Laserdrucker oder Tintenstrahler?

Im Laufe des Semesters kommt in den meisten Studiengängen eine Menge an Papier zusammen. Die meisten Professoren nutzen als Skript Power-Point Präsentationen, die sie ins Internet stellen, so dass man als Student die Möglichkeit hat, sich diese im Anschluss an die Veranstaltung (oder vorher) herunterzuladen und damit zu lernen. Manchen reicht es, wenn sie diese auf ihrem iPad oder Notebook speichern und damit digital verfügbar haben, doch viele können besser mit Papier vor sich lernen (zu diesem Lerntyp gehöre ich). Das mag zwar veraltet erscheinen, aber letztlich kommt es auf das Ergebnis in der Klausur an und nicht, wie man dorthin gelangt. Man muss also pro Semester und Vorlesung vielleicht 400 Folien drucken. Spart man Platz und legt 6 Folien auf eine Seite, kommt man mit weniger Papier aus, dennoch wird der Verbrauch relativ hoch sein.

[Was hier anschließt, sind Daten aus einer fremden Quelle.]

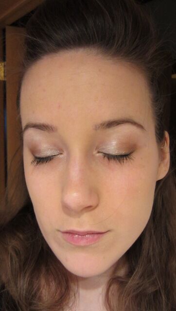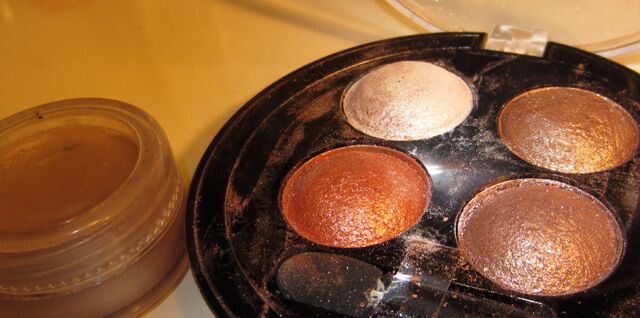 Op mijn ogen gebruik ik oogschaduw van het merk Max (te koop in Action). Het is prachtige 'baked' oogschaduw die je zowel droog als met wat water op je penseel kan gebruiken. Maar voor de iets lichtere look gebruik ik deze gewoon droog. Een beetje van het glinsterende wit en bronzen kleurtjes fleuren de ogen wat op. Alvorens de oogschaduw aan te brengen, gebruik ik een creme oogschaduw zodat alles goed blijft zitten.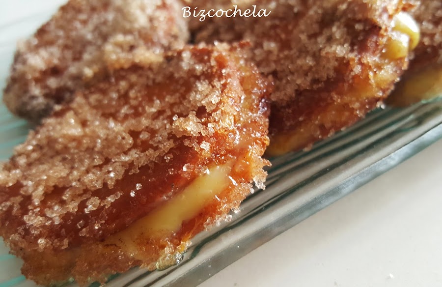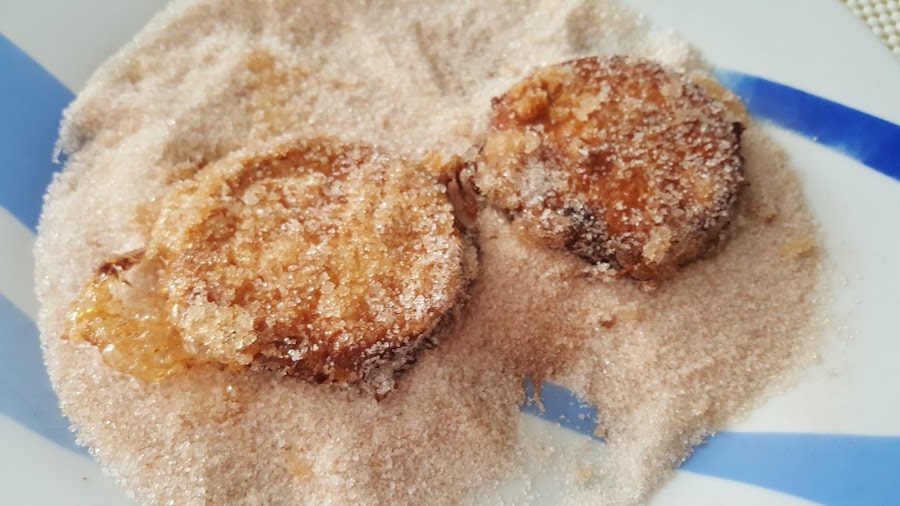 8. – Cuando empiecen a tomar color, les damos la vuelta, con cuidado, y sacamos, escurriendo un poco el aceite y las pasamos por la mezcla de azúcar y canela.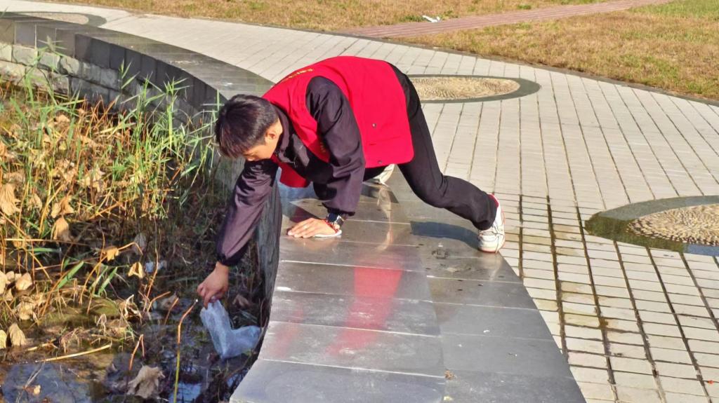 下午到达植物园,经过简短的安全提示和任务分配后,同学们以四人为一组,协助清理园内残留的垃圾,主动擦拭休闲座椅、路边指示牌,受到园区工作人员的认可。
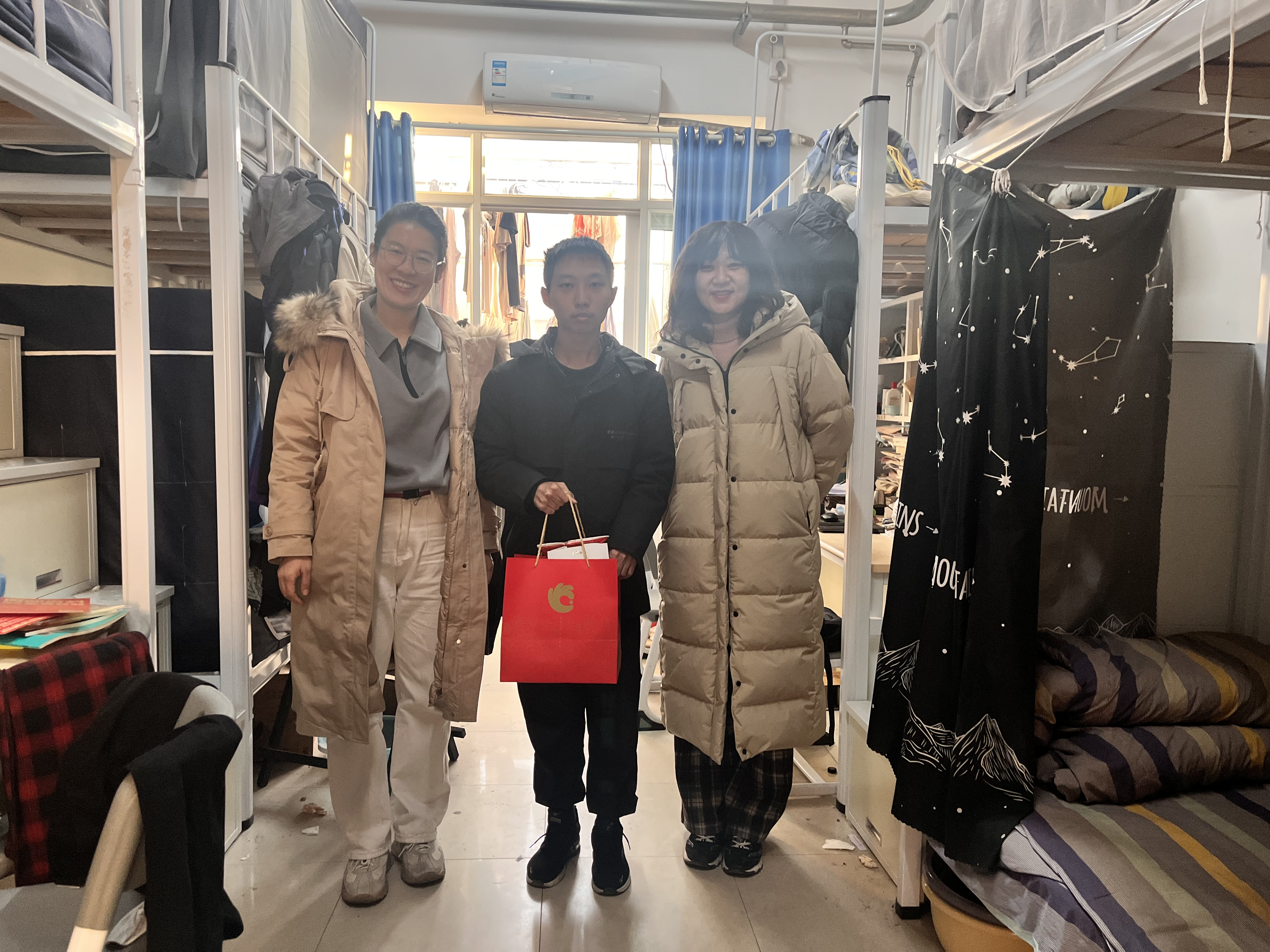 为确保留校学生度过一个温馨充实的假期,近日,在2025乙巳蛇年新春佳节来临之际,学院党委副书记马燕、翁祥栋,辅导员班梦姣、封莹、吕汶鑫深入学生宿舍,走访慰问寒假留校学生,向留校学子送去浓浓关切与新春美好祝福,并为每一位留校学生发放了学院精心准备、满载心意的春节礼包。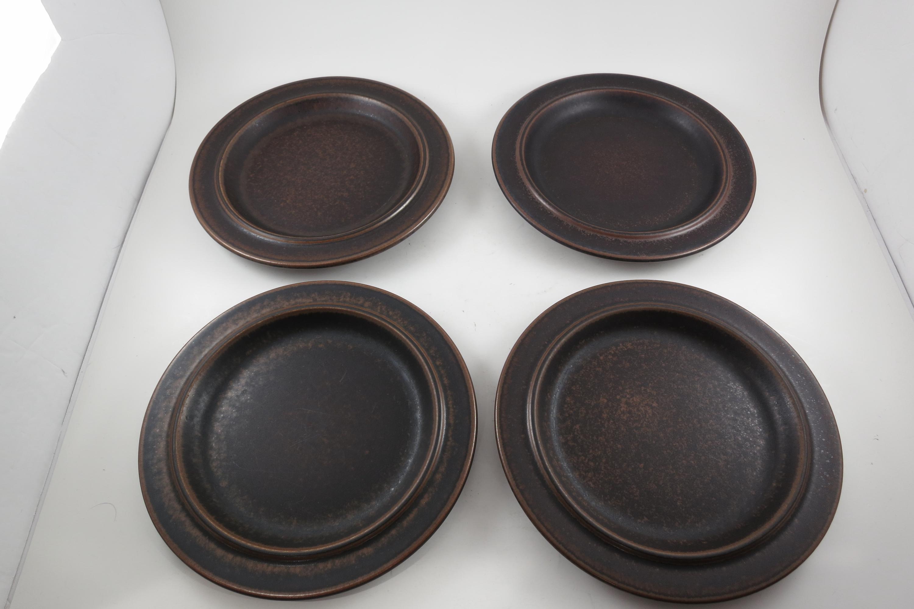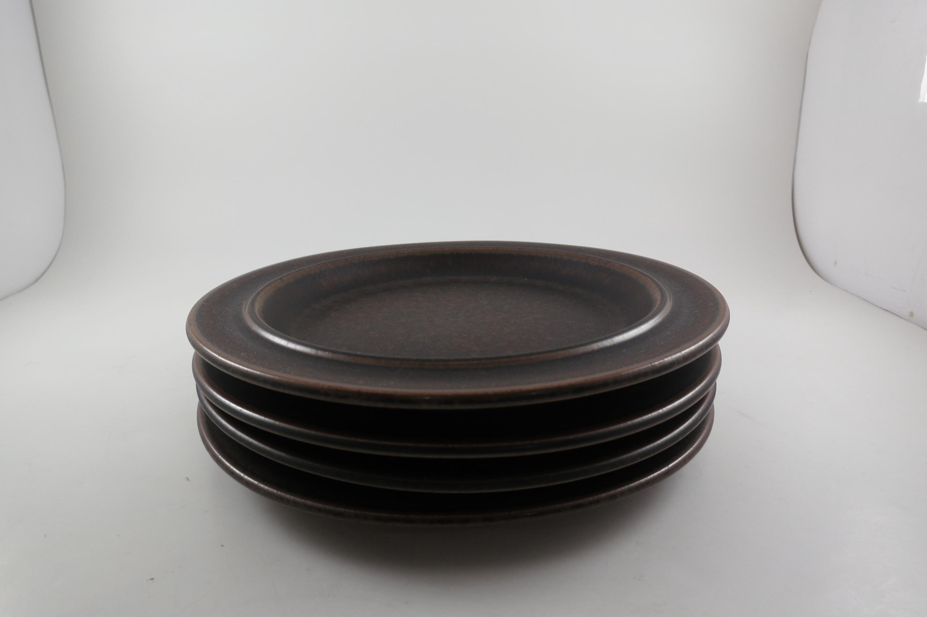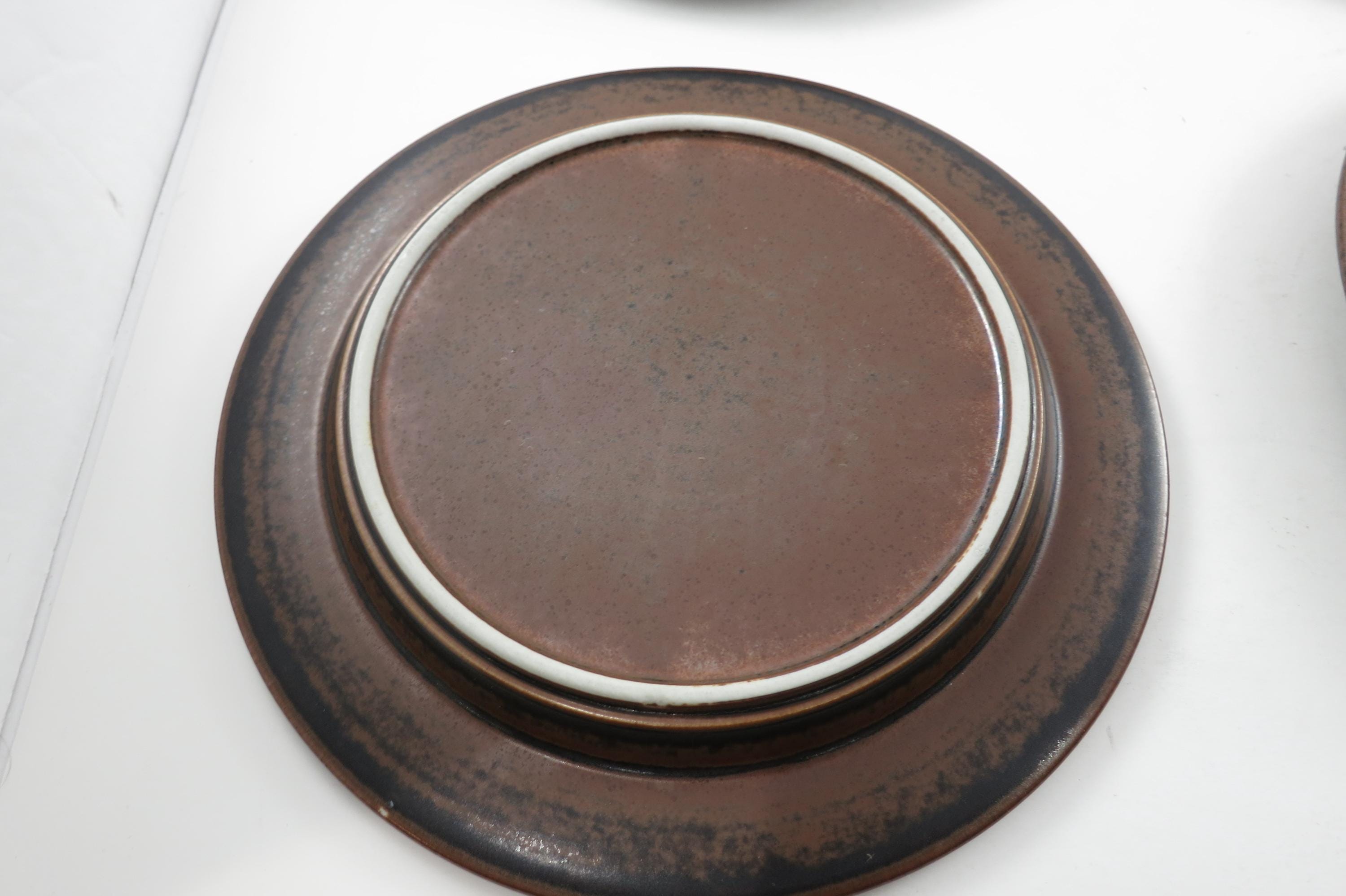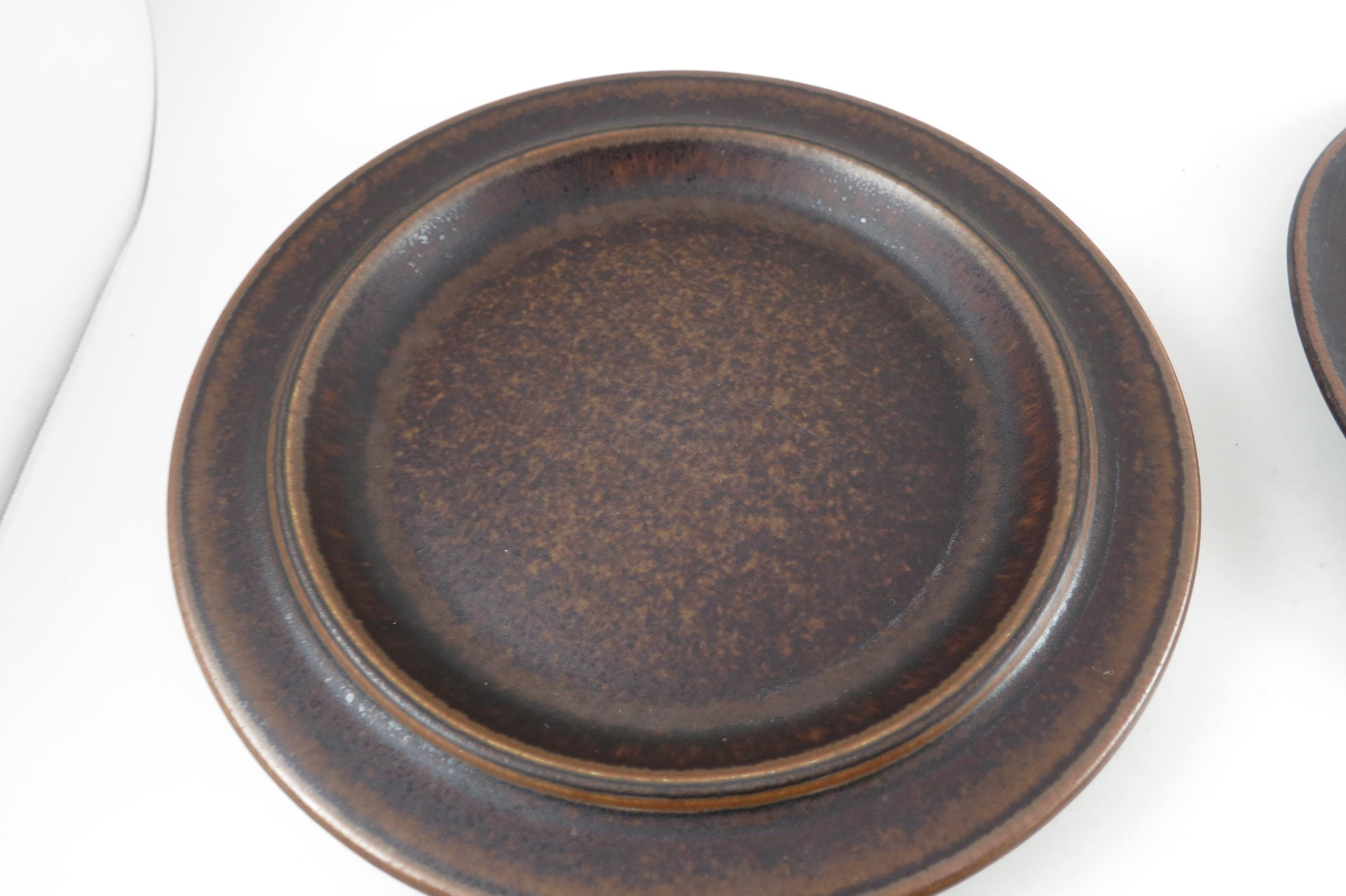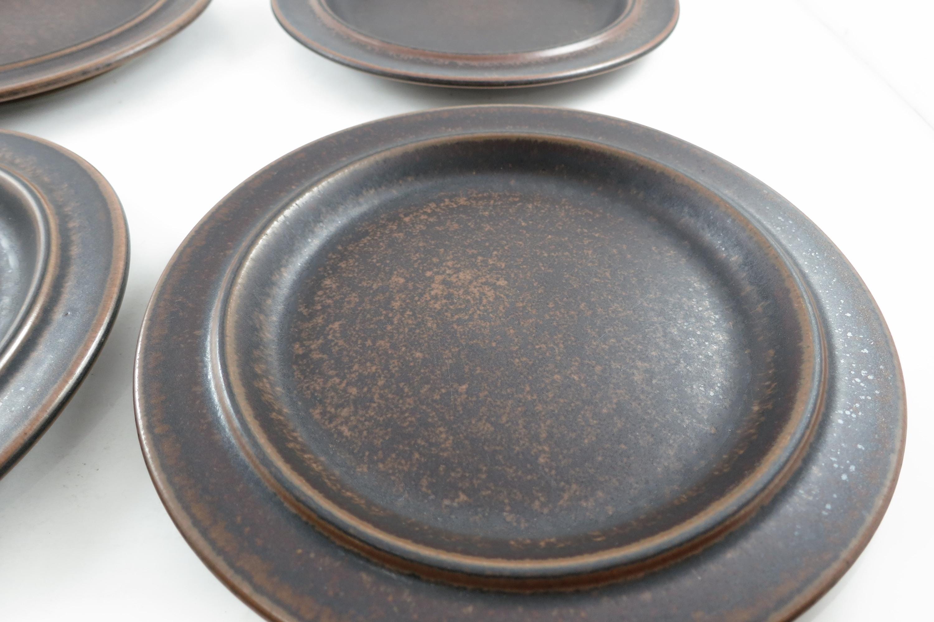 1960's Arabia of Finland Stoneware Ruska Pattern Light and Dark Brown Set of 4 8 Inch Salad Plates.

Wer hier mit einem Tintenstrahldrucker arbeitet, wird schnell an die Grenzen gelangen, zumal das Nachfüllen der Patronen über die Zeit sehr sehr teuer werden kann und werden wird. Aus diesem Grund ist es empfehlenswert, sich die Anschaffung eines Laserdruckers zu überlegen. Idealerweise kann dieser nicht nur schwarz-weiß, sondern auch in Farbe drucken. Man sollte hier übrigens nicht unbedingt nach dem Preis des Druckers gehen, sondern eher nach dem Preis der Kartuschen. Einen etwas teureren Drucker kann man leicht verschmerzen, wenn dafür die Nachfüllung der Toner günstiger kommt. Auch die Funktion des doppelseitigen Bedruckens von Seiten erweist sich in der Praxis als Vorteil, spart man auf diesem Wege doch eine Menge Papier.
Schaut man im Internet, entdeckt man hier schnell günstige Laser Drucker, mit denen man sich über den Verlauf des Studiums einiges an Kosten (und Zeit) sparen kann.